Not just Michael, but Vito, too.
I was only referring to Part III, in which Michael's struggle reached a culmination. Vito did not figure into the plot of III in any direct way. I never got the impression that Vito searched for redemption with God, as Michael did in confessing to the future pope in the garden of the Vatican. We are shown nothing about any of Vito's fear of God. He remained a localized strongman whose sense of self-justification was as a family and community boss and protector.
Michael, however, took on building up a national entertainment mecca, assumed national coordination with the east and west coasts and Cuban outposts of the mafia, and manipulating the global finances of the Vatican. Vito was never shown killing his own blood nor having searing regret over what he regarded as necessary evils; even when Sonny was killed, he regarded him as a reckless hothead (to Tom Hagen: “I never thought you were a bad consiglieri—I thought Santino was a bad don”), and his concern was mainly to shield his wife from excessive grief (“I want you to use all your powers and all your skills. I don't want his mother to see him this way...”).

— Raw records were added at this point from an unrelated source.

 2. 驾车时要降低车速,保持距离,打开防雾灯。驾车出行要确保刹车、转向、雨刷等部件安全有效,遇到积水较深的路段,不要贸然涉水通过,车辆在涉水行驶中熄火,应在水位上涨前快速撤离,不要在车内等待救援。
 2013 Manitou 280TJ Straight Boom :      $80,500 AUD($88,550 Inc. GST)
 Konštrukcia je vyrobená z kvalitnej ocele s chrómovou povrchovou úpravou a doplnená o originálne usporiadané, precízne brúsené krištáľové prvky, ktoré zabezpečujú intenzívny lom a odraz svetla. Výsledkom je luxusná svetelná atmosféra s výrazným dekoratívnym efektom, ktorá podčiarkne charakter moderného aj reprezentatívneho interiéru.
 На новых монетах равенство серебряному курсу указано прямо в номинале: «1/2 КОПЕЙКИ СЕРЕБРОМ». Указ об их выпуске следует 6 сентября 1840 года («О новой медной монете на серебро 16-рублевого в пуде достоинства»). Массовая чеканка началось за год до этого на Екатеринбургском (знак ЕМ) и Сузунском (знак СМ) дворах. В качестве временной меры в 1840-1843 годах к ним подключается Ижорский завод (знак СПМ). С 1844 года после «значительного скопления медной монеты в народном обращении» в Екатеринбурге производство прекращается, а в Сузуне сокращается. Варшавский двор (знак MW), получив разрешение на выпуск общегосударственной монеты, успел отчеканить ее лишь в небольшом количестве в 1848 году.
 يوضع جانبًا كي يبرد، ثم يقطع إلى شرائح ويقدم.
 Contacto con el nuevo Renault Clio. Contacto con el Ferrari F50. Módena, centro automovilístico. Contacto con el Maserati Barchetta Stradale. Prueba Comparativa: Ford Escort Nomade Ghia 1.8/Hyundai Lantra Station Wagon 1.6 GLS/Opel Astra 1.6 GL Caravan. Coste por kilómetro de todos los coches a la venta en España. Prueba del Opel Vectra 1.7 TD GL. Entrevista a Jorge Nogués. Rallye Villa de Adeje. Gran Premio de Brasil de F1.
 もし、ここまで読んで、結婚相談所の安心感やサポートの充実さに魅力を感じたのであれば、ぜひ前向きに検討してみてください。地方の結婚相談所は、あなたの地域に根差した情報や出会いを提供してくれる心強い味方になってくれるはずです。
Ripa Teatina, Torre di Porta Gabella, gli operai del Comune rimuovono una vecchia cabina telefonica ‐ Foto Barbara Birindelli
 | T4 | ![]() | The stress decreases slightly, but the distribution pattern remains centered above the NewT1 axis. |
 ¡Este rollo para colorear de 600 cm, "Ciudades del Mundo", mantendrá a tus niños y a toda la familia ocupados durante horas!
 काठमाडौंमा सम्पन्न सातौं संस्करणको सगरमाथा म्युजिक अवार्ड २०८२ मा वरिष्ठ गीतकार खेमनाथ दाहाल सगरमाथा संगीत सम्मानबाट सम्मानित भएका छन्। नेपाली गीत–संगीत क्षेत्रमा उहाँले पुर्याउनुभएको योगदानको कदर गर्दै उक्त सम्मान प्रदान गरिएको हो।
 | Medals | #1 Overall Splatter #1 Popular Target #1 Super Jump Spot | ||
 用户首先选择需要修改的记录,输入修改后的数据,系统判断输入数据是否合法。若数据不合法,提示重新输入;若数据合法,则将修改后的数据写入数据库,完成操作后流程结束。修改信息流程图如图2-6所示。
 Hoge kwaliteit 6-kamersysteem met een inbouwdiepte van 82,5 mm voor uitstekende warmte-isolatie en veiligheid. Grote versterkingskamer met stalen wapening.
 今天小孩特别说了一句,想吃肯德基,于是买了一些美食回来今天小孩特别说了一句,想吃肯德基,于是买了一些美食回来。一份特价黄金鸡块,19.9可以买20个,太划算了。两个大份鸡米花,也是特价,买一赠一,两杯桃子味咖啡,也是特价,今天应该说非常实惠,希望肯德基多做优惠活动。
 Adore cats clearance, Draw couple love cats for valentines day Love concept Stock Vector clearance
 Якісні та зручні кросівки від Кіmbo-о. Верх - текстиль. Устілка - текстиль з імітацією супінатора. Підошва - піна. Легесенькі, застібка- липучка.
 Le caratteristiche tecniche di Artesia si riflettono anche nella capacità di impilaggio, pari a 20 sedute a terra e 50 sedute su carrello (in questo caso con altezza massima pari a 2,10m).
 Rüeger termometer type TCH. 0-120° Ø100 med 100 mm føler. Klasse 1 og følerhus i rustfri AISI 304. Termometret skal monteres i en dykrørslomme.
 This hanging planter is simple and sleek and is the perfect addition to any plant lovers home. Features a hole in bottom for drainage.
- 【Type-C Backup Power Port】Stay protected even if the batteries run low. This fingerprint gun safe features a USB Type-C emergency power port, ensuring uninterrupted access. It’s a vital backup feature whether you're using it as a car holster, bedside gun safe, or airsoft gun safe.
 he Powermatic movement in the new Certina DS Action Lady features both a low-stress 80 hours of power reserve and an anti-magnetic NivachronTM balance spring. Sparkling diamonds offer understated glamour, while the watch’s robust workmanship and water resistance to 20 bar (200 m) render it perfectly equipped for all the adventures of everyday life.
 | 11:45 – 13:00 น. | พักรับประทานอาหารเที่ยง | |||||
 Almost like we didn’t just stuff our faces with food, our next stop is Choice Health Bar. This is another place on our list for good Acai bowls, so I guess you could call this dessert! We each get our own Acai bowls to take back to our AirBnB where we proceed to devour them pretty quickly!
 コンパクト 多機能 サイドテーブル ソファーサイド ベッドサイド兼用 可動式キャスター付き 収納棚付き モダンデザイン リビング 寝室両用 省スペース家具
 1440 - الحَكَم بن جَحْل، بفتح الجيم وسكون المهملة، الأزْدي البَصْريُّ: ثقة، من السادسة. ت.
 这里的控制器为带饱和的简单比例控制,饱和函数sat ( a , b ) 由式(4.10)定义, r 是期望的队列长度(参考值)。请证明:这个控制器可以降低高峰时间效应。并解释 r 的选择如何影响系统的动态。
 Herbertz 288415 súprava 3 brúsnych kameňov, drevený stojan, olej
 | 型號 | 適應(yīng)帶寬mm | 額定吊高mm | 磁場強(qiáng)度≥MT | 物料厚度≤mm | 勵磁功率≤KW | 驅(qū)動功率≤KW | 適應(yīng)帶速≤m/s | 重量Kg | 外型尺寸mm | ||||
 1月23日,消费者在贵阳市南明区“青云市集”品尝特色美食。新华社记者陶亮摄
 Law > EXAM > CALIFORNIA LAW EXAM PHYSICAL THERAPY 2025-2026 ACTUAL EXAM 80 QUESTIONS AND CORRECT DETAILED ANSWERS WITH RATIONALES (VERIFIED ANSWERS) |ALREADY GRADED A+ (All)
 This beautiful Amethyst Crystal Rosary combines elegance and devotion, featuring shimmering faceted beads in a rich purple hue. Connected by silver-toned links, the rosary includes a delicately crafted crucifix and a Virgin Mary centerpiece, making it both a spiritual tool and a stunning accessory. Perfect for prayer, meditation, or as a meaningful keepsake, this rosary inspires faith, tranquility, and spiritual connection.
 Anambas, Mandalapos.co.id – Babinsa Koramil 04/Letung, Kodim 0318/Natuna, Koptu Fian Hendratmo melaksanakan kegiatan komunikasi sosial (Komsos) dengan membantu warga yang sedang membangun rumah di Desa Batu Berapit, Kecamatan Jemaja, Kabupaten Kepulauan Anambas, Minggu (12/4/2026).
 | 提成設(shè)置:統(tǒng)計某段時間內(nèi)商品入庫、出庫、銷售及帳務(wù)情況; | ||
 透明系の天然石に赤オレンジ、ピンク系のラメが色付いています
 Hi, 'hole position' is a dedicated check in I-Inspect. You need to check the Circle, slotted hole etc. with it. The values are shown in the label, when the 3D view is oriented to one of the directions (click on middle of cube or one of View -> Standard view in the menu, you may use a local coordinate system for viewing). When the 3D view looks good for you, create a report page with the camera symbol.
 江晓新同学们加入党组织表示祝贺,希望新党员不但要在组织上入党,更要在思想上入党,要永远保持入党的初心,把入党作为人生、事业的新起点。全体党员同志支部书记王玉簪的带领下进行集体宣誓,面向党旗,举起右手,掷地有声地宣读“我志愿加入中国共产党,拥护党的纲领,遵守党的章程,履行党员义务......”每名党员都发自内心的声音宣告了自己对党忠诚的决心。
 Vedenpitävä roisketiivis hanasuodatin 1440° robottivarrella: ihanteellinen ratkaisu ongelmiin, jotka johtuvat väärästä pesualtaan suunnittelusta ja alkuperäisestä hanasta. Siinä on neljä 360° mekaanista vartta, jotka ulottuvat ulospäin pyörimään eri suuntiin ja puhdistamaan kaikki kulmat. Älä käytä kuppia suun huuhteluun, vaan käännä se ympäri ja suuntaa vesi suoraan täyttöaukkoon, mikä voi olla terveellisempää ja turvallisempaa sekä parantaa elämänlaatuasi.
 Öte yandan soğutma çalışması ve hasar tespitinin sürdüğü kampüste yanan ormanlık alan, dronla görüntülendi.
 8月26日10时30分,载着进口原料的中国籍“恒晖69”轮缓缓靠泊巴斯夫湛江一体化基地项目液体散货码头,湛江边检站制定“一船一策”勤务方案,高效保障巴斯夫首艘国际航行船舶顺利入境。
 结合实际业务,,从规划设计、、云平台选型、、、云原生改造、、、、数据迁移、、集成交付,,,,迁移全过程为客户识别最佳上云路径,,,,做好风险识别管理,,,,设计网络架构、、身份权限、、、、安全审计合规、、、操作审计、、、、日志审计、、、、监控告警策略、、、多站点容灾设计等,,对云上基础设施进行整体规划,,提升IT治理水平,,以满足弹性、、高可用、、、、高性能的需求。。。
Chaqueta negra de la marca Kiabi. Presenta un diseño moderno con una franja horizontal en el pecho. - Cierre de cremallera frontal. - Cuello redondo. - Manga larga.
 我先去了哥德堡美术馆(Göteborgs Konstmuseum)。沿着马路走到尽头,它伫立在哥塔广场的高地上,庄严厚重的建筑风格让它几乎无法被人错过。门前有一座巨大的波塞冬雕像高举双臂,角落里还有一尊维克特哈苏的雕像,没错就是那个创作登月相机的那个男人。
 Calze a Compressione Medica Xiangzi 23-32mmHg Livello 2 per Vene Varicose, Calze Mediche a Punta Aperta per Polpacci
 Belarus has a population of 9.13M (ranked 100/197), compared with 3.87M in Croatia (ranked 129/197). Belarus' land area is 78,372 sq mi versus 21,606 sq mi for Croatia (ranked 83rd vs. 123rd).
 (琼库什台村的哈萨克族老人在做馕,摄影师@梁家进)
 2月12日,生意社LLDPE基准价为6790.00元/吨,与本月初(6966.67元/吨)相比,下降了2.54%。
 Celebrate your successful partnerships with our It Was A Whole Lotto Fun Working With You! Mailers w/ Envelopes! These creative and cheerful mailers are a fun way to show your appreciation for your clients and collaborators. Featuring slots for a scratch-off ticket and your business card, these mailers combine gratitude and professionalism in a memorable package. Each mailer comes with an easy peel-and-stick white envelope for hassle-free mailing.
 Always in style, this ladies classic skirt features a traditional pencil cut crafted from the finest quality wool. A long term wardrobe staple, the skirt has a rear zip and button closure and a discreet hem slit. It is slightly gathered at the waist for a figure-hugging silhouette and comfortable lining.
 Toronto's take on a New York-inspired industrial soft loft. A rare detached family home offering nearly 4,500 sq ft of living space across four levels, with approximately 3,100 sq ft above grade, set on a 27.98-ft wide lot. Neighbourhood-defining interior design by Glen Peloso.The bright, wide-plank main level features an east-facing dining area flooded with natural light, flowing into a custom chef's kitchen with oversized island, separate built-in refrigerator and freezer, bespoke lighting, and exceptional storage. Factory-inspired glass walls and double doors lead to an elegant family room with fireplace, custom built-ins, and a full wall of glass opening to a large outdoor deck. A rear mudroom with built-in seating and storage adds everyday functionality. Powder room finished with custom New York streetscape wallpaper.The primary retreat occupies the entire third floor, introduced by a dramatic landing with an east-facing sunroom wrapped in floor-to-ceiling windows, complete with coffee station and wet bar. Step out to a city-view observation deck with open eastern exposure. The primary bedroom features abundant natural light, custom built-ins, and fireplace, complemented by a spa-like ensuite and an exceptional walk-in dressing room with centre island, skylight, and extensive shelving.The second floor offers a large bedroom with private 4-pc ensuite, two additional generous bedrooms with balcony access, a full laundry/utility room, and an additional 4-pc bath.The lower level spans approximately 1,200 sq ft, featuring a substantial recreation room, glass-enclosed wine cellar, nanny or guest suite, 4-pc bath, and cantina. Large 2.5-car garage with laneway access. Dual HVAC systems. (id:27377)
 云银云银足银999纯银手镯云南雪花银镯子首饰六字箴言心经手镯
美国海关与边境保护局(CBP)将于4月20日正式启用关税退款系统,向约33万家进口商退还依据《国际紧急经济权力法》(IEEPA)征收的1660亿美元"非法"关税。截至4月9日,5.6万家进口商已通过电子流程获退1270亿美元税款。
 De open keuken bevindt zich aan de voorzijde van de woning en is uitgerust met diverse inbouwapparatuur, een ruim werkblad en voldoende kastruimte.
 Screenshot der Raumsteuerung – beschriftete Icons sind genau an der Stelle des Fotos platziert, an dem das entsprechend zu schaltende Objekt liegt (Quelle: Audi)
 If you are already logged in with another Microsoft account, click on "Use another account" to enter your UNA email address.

Michael, on the other hand, suffered enormously from feeling trapped in the life he originally was not intended for, and the death of his daughter and resulting permanent estrangement from Kay because of his rage- and ego-driven life choices. He lied to his blood constantly, repudiated his ultra-loyal consigliere Tom Hagen, and killed his own brother. His moral conflict and guilt were profound. He could not be what his father had been because of his overblown ambitions and the mafia's unexpectedly massive expansion, which pushed him in over his head and his tortured heart. As he had said to his mother, “Tempi cambi’.” Times change.